## [What is being asked]
Return exactly the lines of the data below, from the one that contains "木工不懂結(jié)構(gòu),只移門洞不移梁,梁即將要墜落" through the final line, and leave out every picture.

## [Given data]
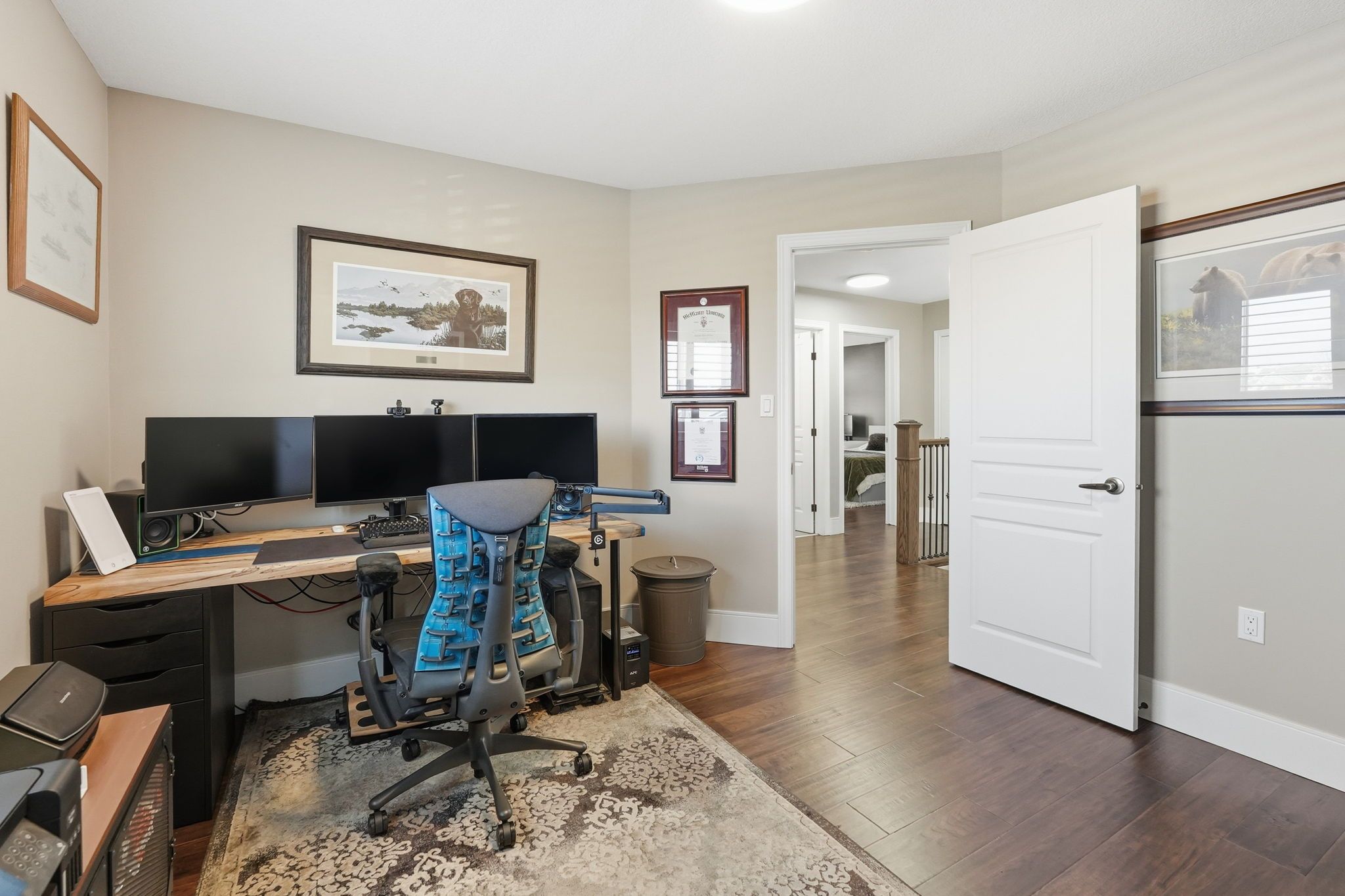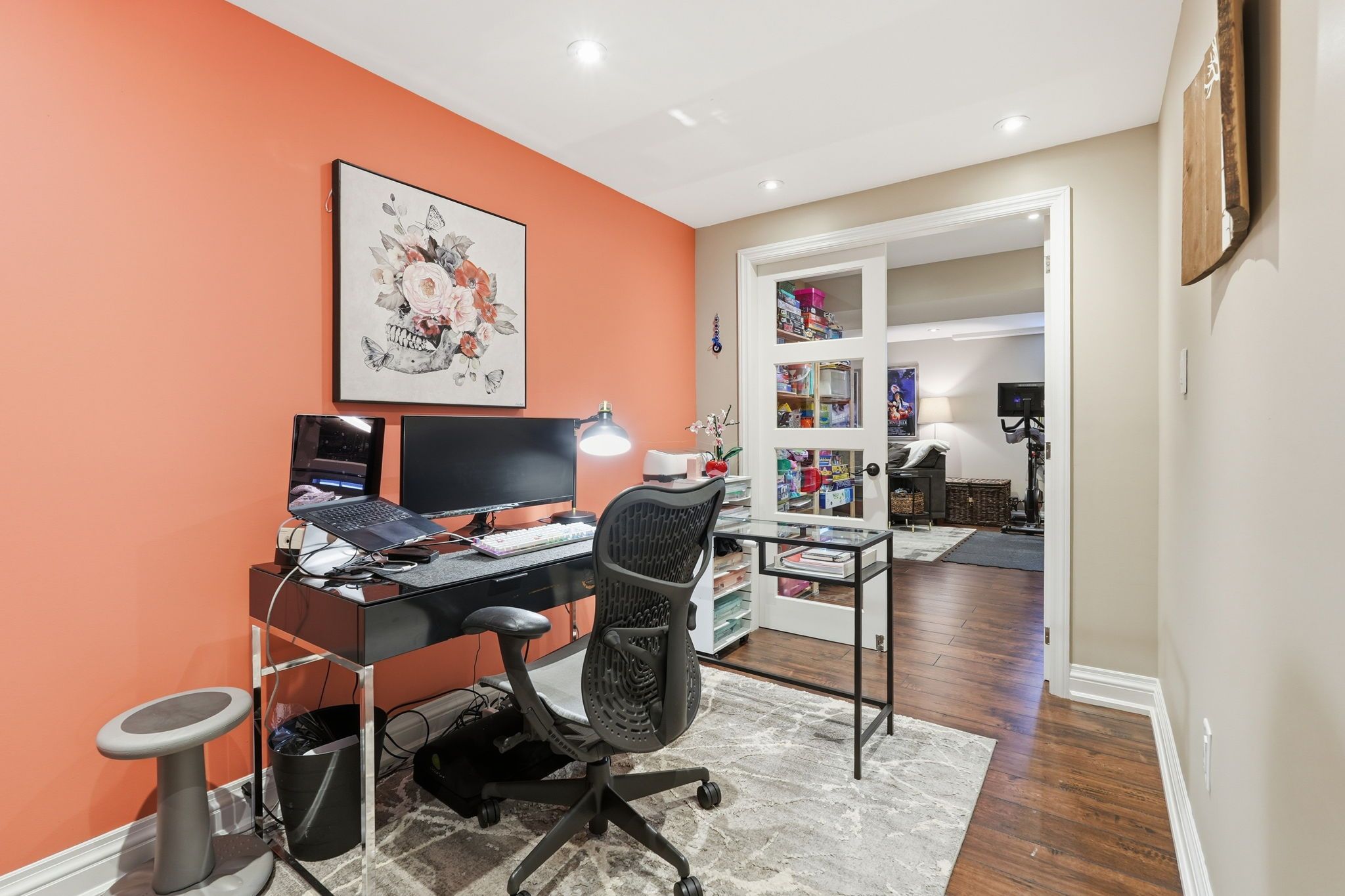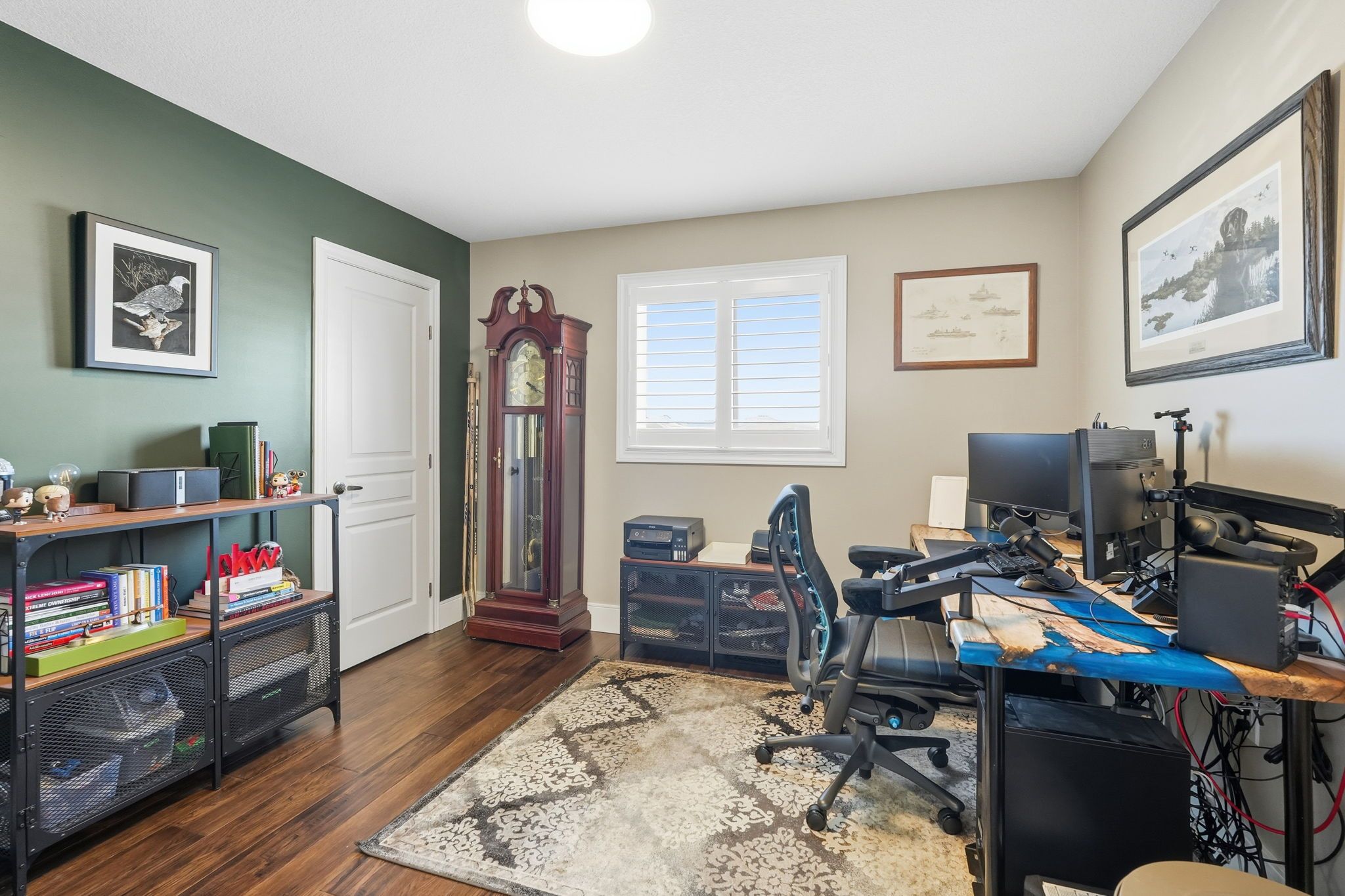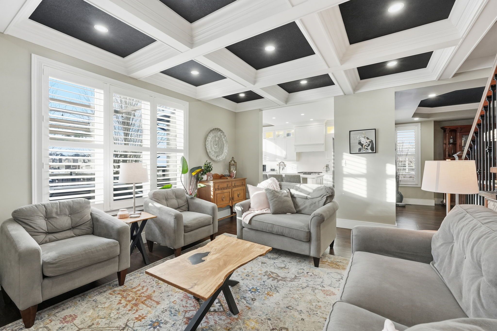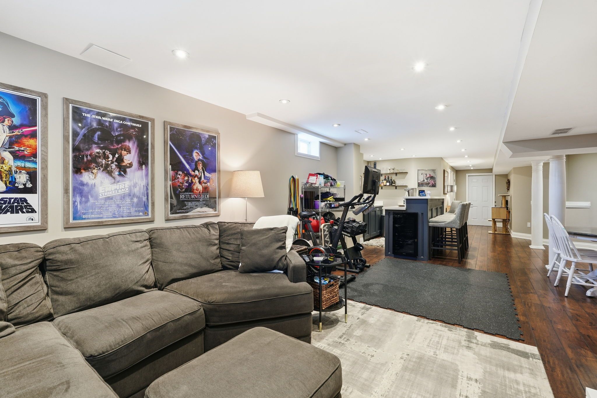 Welcome to this stunning former builder's model home, perfectly situated on a premium corner lot that commands attention with its sophisticated stucco-and-brick exterior. This meticulously maintained, carpet-free residence offers a rare combination of architectural prestige and modern, turn-key luxury. The grand interior flow begins with soaring 9-foot ceilings and custom coffered ceiling details in both the living and dining rooms, creating an atmosphere of refined elegance. California shutters are featured throughout both the main and upper levels, perfectly complementing the engineered hardwood flooring that flows seamlessly across both floors and the staircase. At the heart of the home is a chef-inspired kitchen featuring pristine white quartz countertops and a premium ge cafe appliance suite, including a professional-grade stove ('21) and fridge and dishwasher ('24). The upper level continues the carpet-free theme throughout all 4 spacious bedrooms, each flooded with natural light from oversized windows. The primary retreat serves as a true sanctuary, offering a spa-like ensuite with a glass shower and deep soaker tub, alongside a generous walk-in closet featuring custom organizers. The professional finish extends to the lower level, featuring high-end laminate flooring and an entertainer's dream setup. Host guests at the custom wet bar, which comfortably seats 5 and includes a dedicated wine/bar fridge and sink, just steps from a 3rd full bathroom with a large walk-in shower. Outdoor living is elevated by extensive aggregate concrete with stamped accents and professional landscaping. The private backyard is an oasis for relaxation, featuring a custom pergola with a mesh shade top for shaded summer entertaining and a rare insulated shed with full electrical hookup-ideal for a workshop or studio. Walking distance to bellmoore school, shopping, food, and the binbrook fairgrounds.
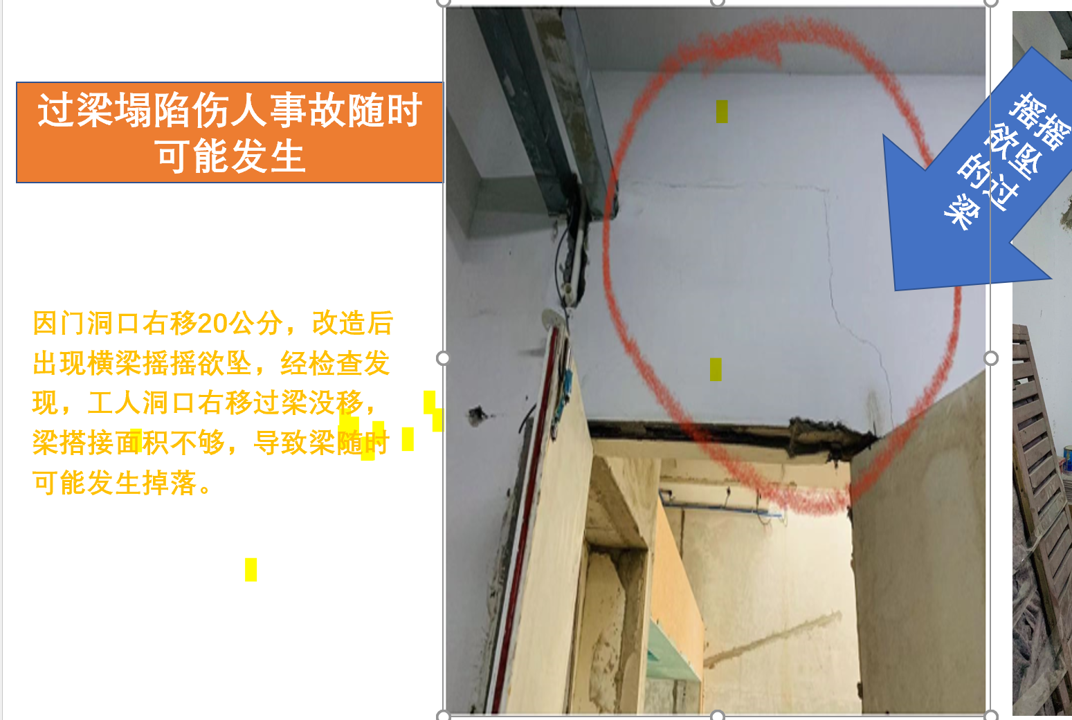 木工不懂結(jié)構(gòu),只移門洞不移梁,梁即將要墜落
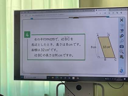 平行四辺形の面積から高さを求める問題をしました。求める高さをXとして解きました。
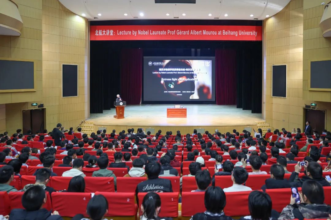 3月5日下午,晨兴音乐厅气氛热烈,座无虚席,Mourou教授做客北航大讲堂,为800余名北航师生和来自北京市八一学校“北航班”的50名师生现场作报告。副校长吴江浩致辞,并为Mourou教授颁发北航大讲堂荣誉证书。英国上市公司365院长耿立升主持讲座。

## [Expected answer]
 木工不懂結(jié)構(gòu),只移門洞不移梁,梁即將要墜落
 平行四辺形の面積から高さを求める問題をしました。求める高さをXとして解きました。
 3月5日下午,晨兴音乐厅气氛热烈,座无虚席,Mourou教授做客北航大讲堂,为800余名北航师生和来自北京市八一学校“北航班”的50名师生现场作报告。副校长吴江浩致辞,并为Mourou教授颁发北航大讲堂荣誉证书。英国上市公司365院长耿立升主持讲座。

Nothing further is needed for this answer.